Privacy Legislated: Facebook Leads Charge Against Stringent Privacy Bill

by Jeff Wiener on May 19, 2011

It’s good to know that Facebook and Google can agree on one thing, increased privacy restrictions are bad for business and for the future of mobile and social networking technologies.

When I wrote last week’s post I certainly never intended to make the issue of privacy into an ongoing saga, but with the news that the social networking giant has teamed with the search engine behemoth to oppose BillSB 242,” California’s so-called privacy legislation, it just seemed to all be working to prove my point.

In an increasingly technological world the simple fact is, the distinguishing line between public and private is no longer clear. Whether its due to ignorance, evidenced by the plethora of Facebook users that post incriminating and/or overtly private information and photos on their page, or apathy, evidenced by the fact that most users seem too lazy to be bothered with privacy settings, modern social technology demands our personal information, and so if we want a future that involves social networking, we better be prepared to let that information go.

Which leads me to the question, who is utlimately responsible for your privacy?

I’ll admit, on a personal level this entire conversation seems to tear me in two. As a father, I want to protect my family from the inherent dangers of overexposure on social networking sites, yet I fully understand that in some spheres, like that of a smartphone, relinquishing some of my personal information is necessary to allow my technology to operate as it should, as rather, as I want it too.

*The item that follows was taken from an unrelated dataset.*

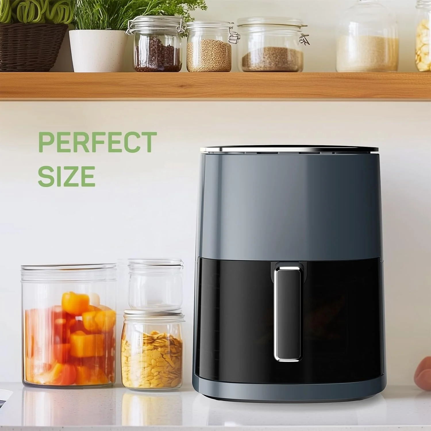 - 𝟲-𝙌𝙩 𝘾𝙖𝙥𝙖𝙘𝙞𝙩𝙮 & 𝘾𝙤𝙢𝙥𝙖𝙘𝙩 𝘿𝙚𝙨𝙞𝙜𝙣: With a 6-quart large capacity, this air fryer is perfect for family meals. It's designed to maximize cooking space while maintaining a compact footprint, keeping your kitchen organized.

With that said, I can appreciate both sides of the privacy debate currently raging in California, as I can understand the complaints of Facebook, Google and their ilk who see the future of technology and advertising in intuitive and personal technology, and also understand the fears of the legislators representing a public that is quickly seeing its old notions of privacy dashed on the rocks of so-called “progress”.

As I mentioned last week, we’re at a crossroads and something’s got to give.

The California bill itself is rather stringent when viewed from a social netwokring perspective. It mandates, among other things, that users of such social networks be allowed—or forced—to choose their privacy settings as part of the initial registration process. Further, it would force sites to institute a maximum privacy default policy that would, by default, only share a user’s name and city. Finally, the bill would require social networks to delete any and all personal information upon request within 48 hours.

The question becomes, though, is this really the direction we want our technology to go in? As more and more users increasingly integrate sites like Facebook into their lives, as they become accustomed to services like Google’s Social Circle — a feature that attempts to incorporate social data in search results, will they want to be bothered with unending questions about allowing this and that, or will they simply want to use the technology to seamlessly connect with the world around them?

Truth be told, I’m starting to think the privacy debate is not much a debate at all, meaning that perhaps Facebook and Google are right when they say that their users don’t really care about more stringent privacy settings, they just want to connect with friends.

That’s not to say that I no longer value privacy, just that perhaps the onus for online privacy lies with the user, and should that user be underage, the parents. So perhaps we’re wasting our time and our efforts trying to legislate privacy, when instead we should begin educating the public about how to use technology safely and effectively.